This is bidirectional provenance tracking — adapted from a methodology I developed with Claude for maintaining logical consistency across a 60,000+ line speculative physics document through dozens of revision cycles without losing track of a single logical dependency. Every conclusion declares its premises. Every modification triggers a cascade assessment: identify the change, trace forward to all dependent entries, assess impact at each node, cascade if necessary, and document the path. The architecture is its own database.
Memory systems retrieve by similarity. Reasoning harnesses retrieve by structure. OpenClaw’s hybrid search (70% vector similarity, 30% keyword matching) finds memories that are semantically similar to the current query. A reasoning harness knows exactly which prior session contains the reasoning you need — because every conclusion declares its dependencies, every session is indexed with relevance tags, and every promoted pattern carries a reference to its source. You don’t search for relevant context. The structure tells you where it lives. This is the divide-and-conquer principle: you don’t need to hold everything in context simultaneously when the structure is designed to guide selective retrieval.

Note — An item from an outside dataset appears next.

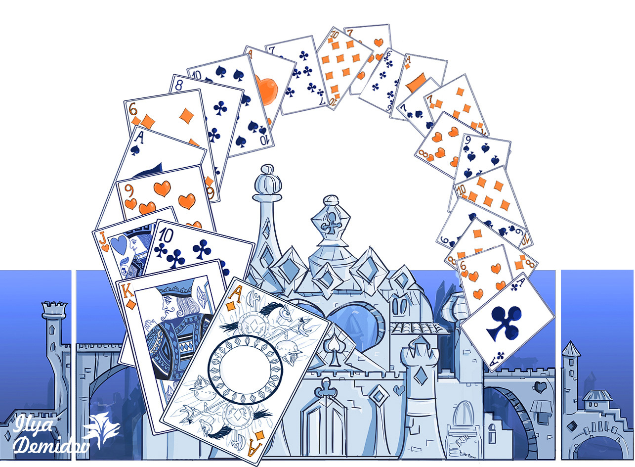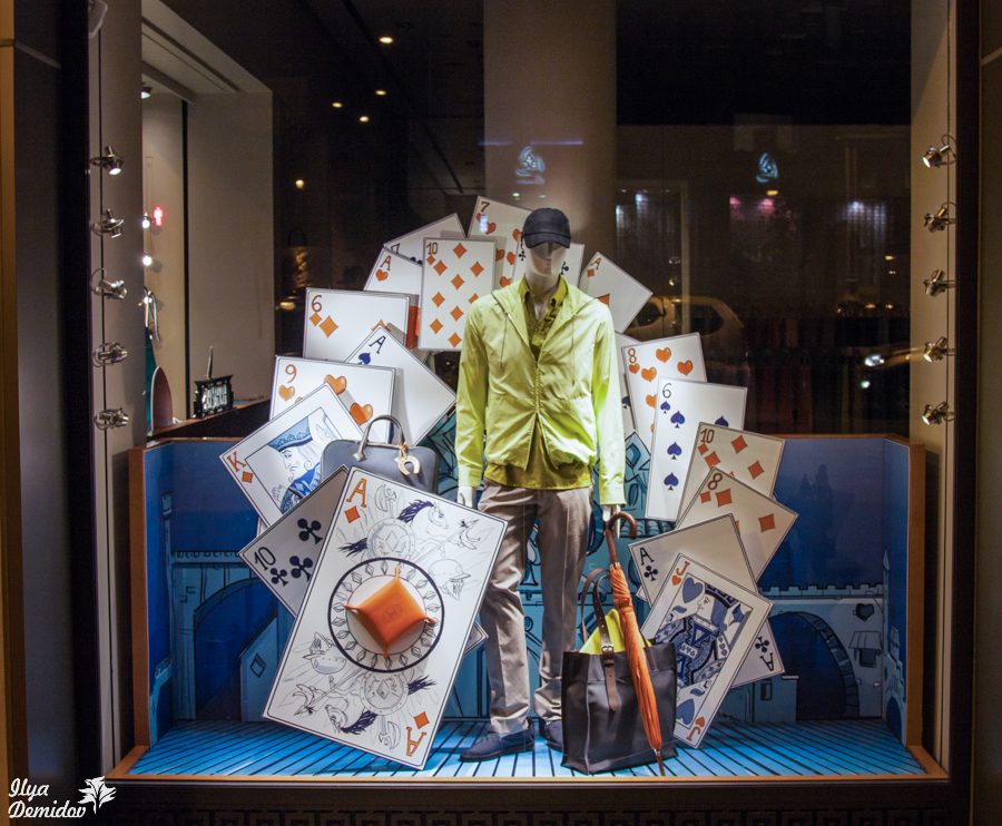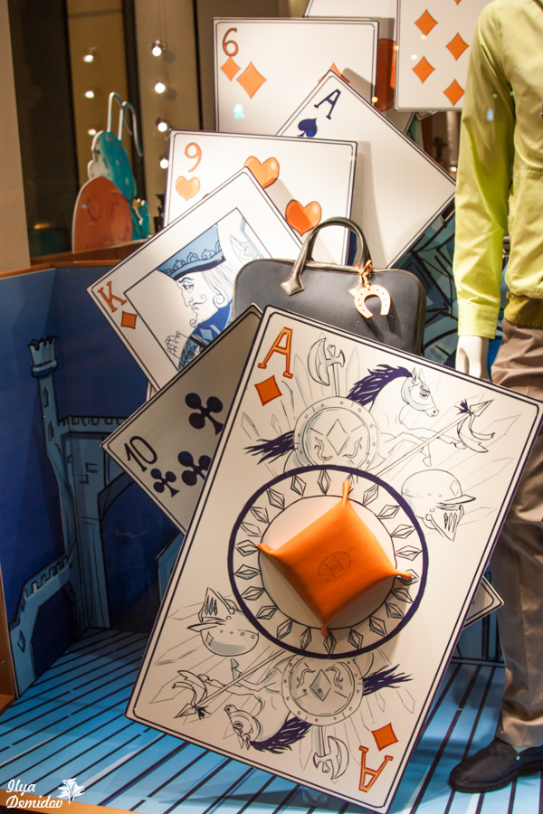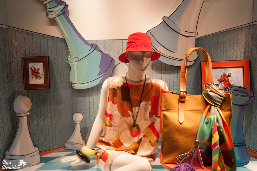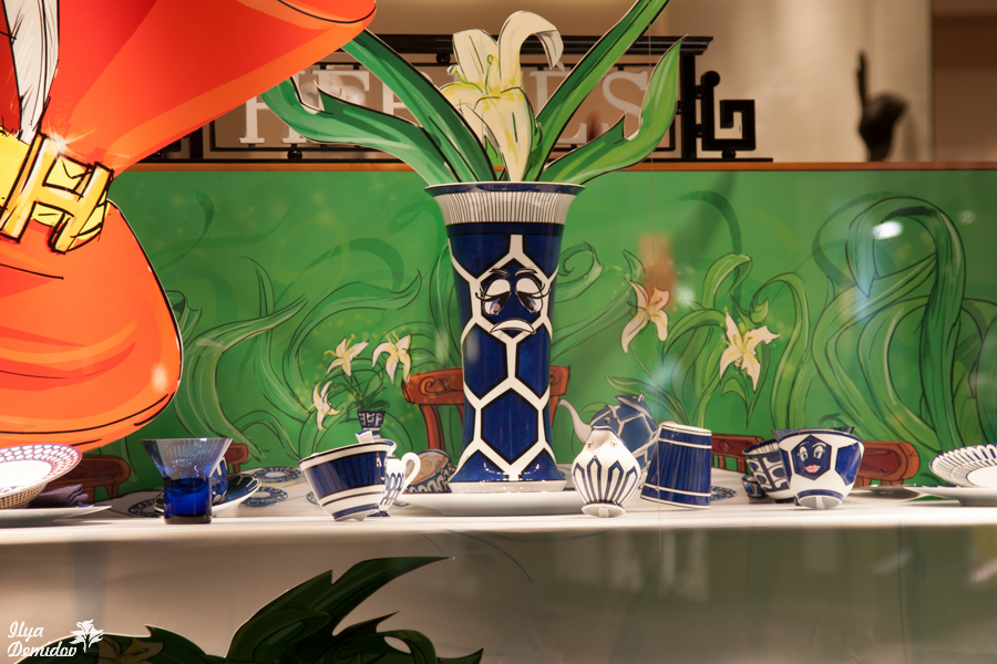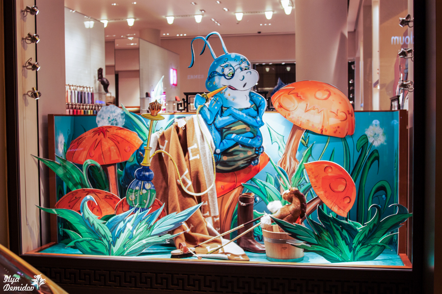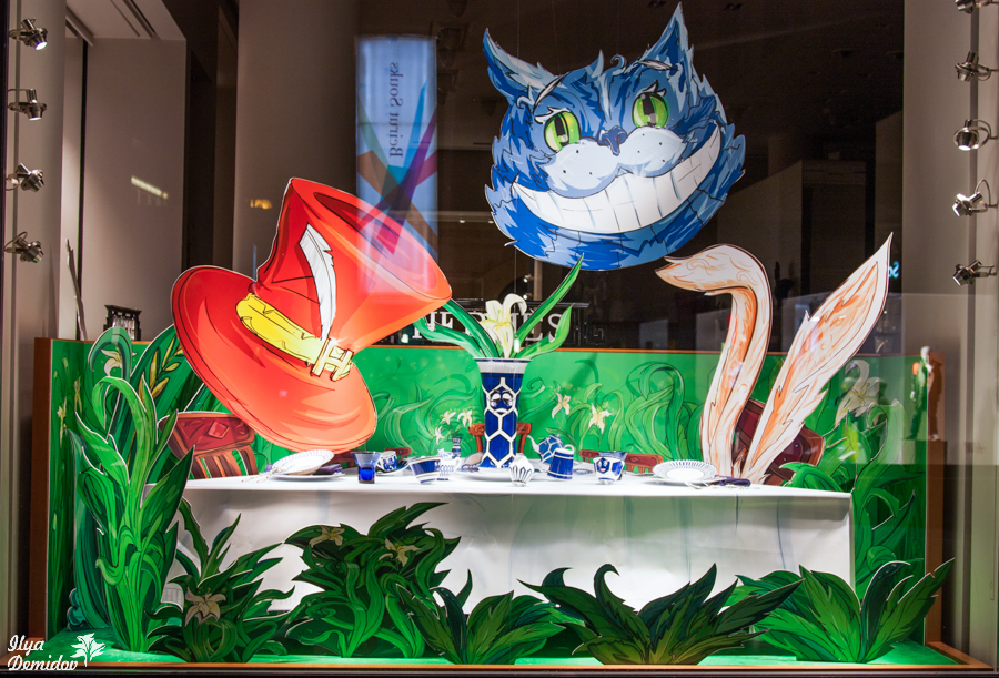 Яркая весенняя витрина, выполненная в стиле иллюстраций к книге "Алиса в Стране чудес".

Memory systems are ambient. Reasoning harnesses are curated. Most agent memory captures everything automatically and relies on retrieval algorithms to surface what’s relevant. KAIROS advances this with autonomous consolidation — resolving contradictions and promoting insights without human involvement. But autonomous consolidation optimizes for information coherence. It cannot evaluate whether a reasoning pattern has project-level strategic significance, whether a conclusion’s upstream dependencies have shifted in ways that affect its validity, or whether an insight that appeared minor in one session has become load-bearing in light of subsequent sessions. These are judgment calls, not pattern-matching operations. A reasoning harness applies editorial judgment through a dedicated integration process: what sharpens future reasoning gets promoted to the project-level index; what belongs to a specific session’s story stays in that session’s map. The recording filter is not “is this worth remembering?” but “will this make the next conversation’s reasoning better?”
Memory systems persist data. Reasoning harnesses reconstruct register. This is the subtlest and most important difference. Information alone doesn’t restore the collaborative state. You can know everything that was discussed in a prior session and still operate at a lower cognitive register than the session achieved.
Register reconstruction requires three layers. The first is information — the accumulated knowledge, strategic context, and reasoning artifacts. This gets you to approximately 70% of the prior register. The second is a primer — a short paragraph, written from inside an elevated collaborative state, that captures the quality of engagement, not just its content. The primer conveys epistemological stance, behavioral orientation, and collaborative dynamics. It doesn’t tell the AI what to think. It tells the AI how this collaboration thinks. This raises reconstruction to approximately 85%. The third is activation questions — a sequence of metacognitive prompts processed internally at startup that force the AI to actively engage with the project’s reasoning rather than passively absorb information. Questions like: “Did anything in the project memory feel like recognition rather than new information?” and “What would you most want to change about this architecture?” These push reconstruction to approximately 90%.
The remaining 10-15% is irreducible. It is the live contribution — the surprise of genuine exchange. This is not a limitation. It is the reason each conversation is worth having.
Memory systems have flat data. Reasoning harnesses have weighted structure. Andrej Karpathy has spoken extensively about how training adjusts weights at the neural level to encode what matters. A reasoning harness performs an analogous function at the infrastructure layer. Every reasoning pattern carries a weight: pivotal (the reasoning could have gone differently and the choice shaped everything downstream), substantive (materially advanced thinking), or supporting (clarified without changing trajectory). Discoveries carry confidence levels. The integrator makes promotion decisions based on project-level significance. Over time, the system develops a weighted map of what’s load-bearing and what’s supporting — not through gradient descent, but through the same pattern: produce, evaluate, assign weight, iterate. It’s learning at the harness level.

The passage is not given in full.